Nach diesen allgemeinen Überlegungen und der Darstellung des geschichtlichen Kontextes des Dokuments sollen nun die einzelnen Teile des Dokuments beleuchtet werden. Zuvor aber noch ein Gedanke zum Titel: Das Christentum und die Religionen. Die Formulierung umging die Schwierigkeit, ob das Christentum als eine mit anderen Religionen vergleichbare Religion behandelt werden kann oder nicht. Wenn hier dabei von „Religionen“ gesprochen wird, statt den Begriff „nicht-christliche Religionen“ zu verwenden, so sollte auf diese Weise eine „negative“ Definition vermieden werden, die sie über das definiert, was sie nicht sind.

 

Erster Teil: Status quaestionis

Bei der Erstellung des Dokumentes war es nötig, auf die verschiedenen Versuche einer Klassifikation der gängigen theologischen Positionen zum Problem der Religionen hinzuweisen. Einige sprachen von der Beziehung des Christentums zu den Religionen unter dem Aspekt der „Erfüllung“ der menschlichen Sehnsüchte und sahen so in ihnen sowohl Momente der Hoffnung wie auch Schwierigkeiten. Andere hingegen sprachen mit einem größeren Optimismus von der „Gegenwart“ von Elementen des Heils in den Religionen, sofern diese nämlich als sozialer Ausdruck von Gottesbeziehung gesehen werden, die auf ihre Weise die Annahme des Heils erleichtern können. Dieser größere „Optimismus“ verhinderte nicht, dass man nicht zugleich auch Elemente der Unwissenheit, der Sünde oder gar der Verderbnis (Nr. 4) benannte. Die besten Theologen waren sich einig, dass das Phänomen der Religion in all seinen Schattierungen immer zweideutig ist.

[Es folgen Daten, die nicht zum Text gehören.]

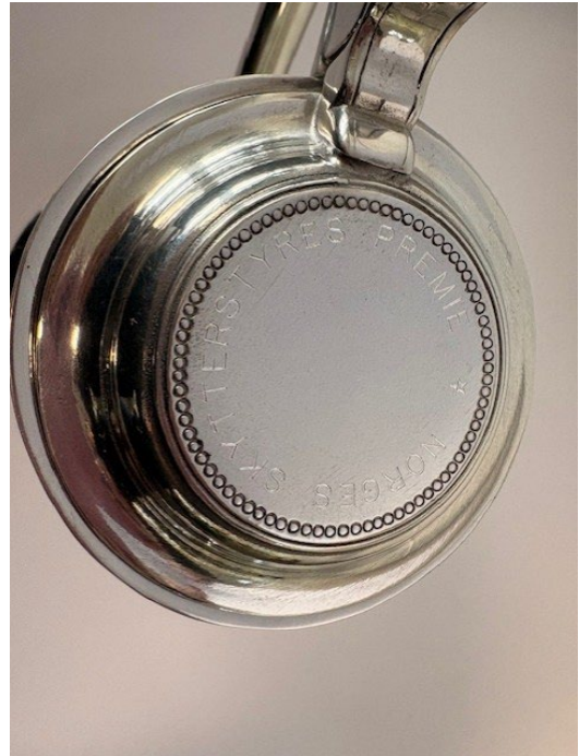
Post 1.22 b) Utforming lokk med graving

Die Mehrzahl der katholischen Theologen, neben den erwähnten Ausnahmen, bewegt sich auf einer christozentrischen Linie, das heißt sie haben als Ausgangspunkt die Überzeugung, dass Christus der Erlöser aller ist und dass sich nur in ihm der Heilswille Gottes erfüllt. Deshalb kann seine Mittlerschaft auch alle Menschen in jedweder, auch religiöser, Situation erreichen. Aus diesem Grund sprach man von einer „inklusivistischen“ Tendenz, insofern das Heil Christi prinzipiell allen Menschen zugänglich ist, weil Gottes Gnade in der einen oder anderen Weise alle erreicht (Nr. 11).

Dieser Tendenz steht die „exklusivistische“ Linie gegenüber, von anderen auch „ekklesiozentrische“ Linie genannt, die zu jener Zeit nicht von allen Theologen vertreten wurde, weil die lehramtlichen Äußerungen keine enge Interpretation des Prinzips extra Ecclesiam nulla salus erlaubten (Nr. 10). Als problematisch wurde allerdings auch die entgegengesetzte, „pluralistische“ Richtung erachtet, die in unterschiedlicher Weise eine Vielzahl von Heilswegen vertrat. Diese Auffassung wurde von jenen vertreten, die den Christozentrismus als unzureichend erachteten und meinten, dass daher nur ein „Theozentrismus“ der Unbegreiflichkeit und Transzendenz Gottes Rechnung tragen könne. Kein konkreter Heilsweg könne eine Exklusivität der Offenbarung für sich beanspruchen. Es gebe verschiedene Ausdrucksformen des göttlichen Logos, der sich aber in keiner Religion vollständig manifestiert habe (Nr. 12). Ganz offensichtlich trat man hier mitten ins Herz der christologischen und soteriologischen Diskussionen. Die Frage nach der Wahrheit (Nr. 13-15) und der ausdrücklichen Verkündigung Christi (Nr. 23-26) konnte nicht zugunsten einer momentären Dialogsituation beiseite gelegt werden.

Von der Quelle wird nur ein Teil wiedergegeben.